## The data
▼▼▼

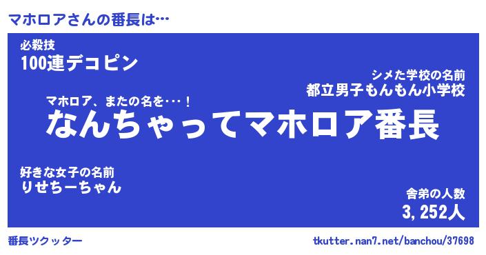 | ピコ太郎風あだ名 | 『マコ次郎』『ピマ史郎』『マホ八郎』 |
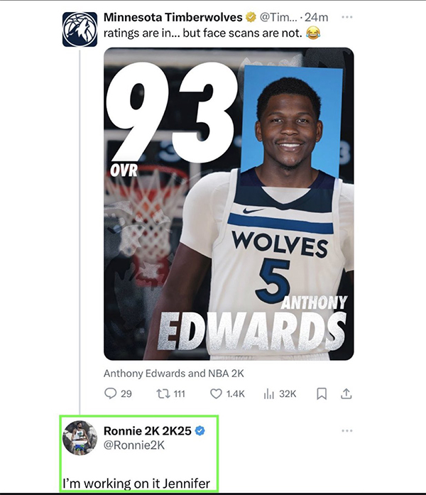 爱德华兹的2K25能力值为93,与布克、布伦森并列第11位,不过森林狼官推对一直以来爱德华兹的面补问题向2K官方督促改进。森林狼官推晒出一张PS图,并写道:“能力值很可以,就是面部扫描不行。
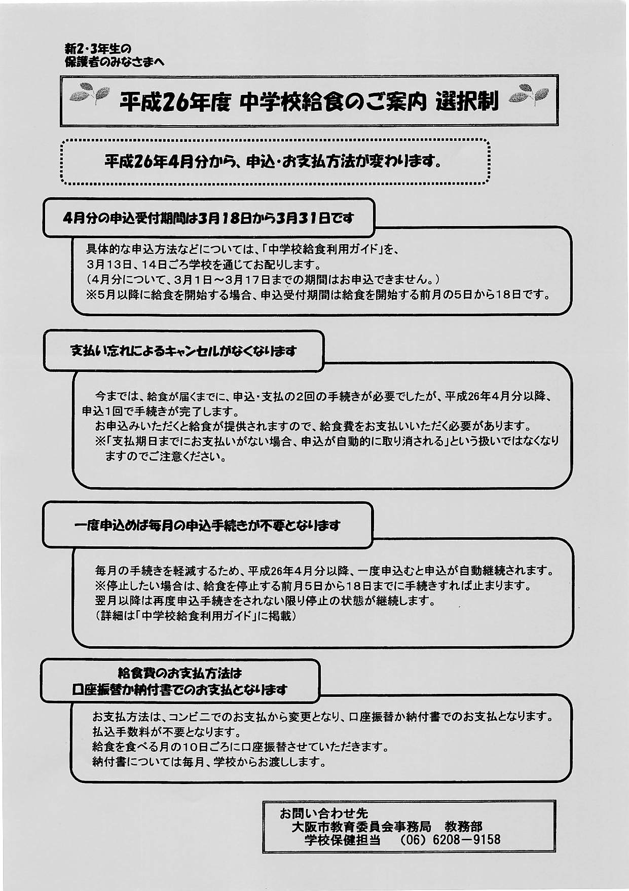 本校では、現1・2年生及び新入生も4月からの給食は選択制です。
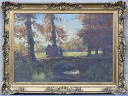 #99“Bruggetje met kapel”. Een schilderij, olieverf op doek.

▲▲▲

## Directions
Reproduce exactly the lines from the one with "爱德华兹的2K25能力值为9" to the bottom of the listing, both ends included, and nothing else. Skip the pictures.

## Exercise solution
 爱德华兹的2K25能力值为93,与布克、布伦森并列第11位,不过森林狼官推对一直以来爱德华兹的面补问题向2K官方督促改进。森林狼官推晒出一张PS图,并写道:“能力值很可以,就是面部扫描不行。
 本校では、現1・2年生及び新入生も4月からの給食は選択制です。
 #99“Bruggetje met kapel”. Een schilderij, olieverf op doek.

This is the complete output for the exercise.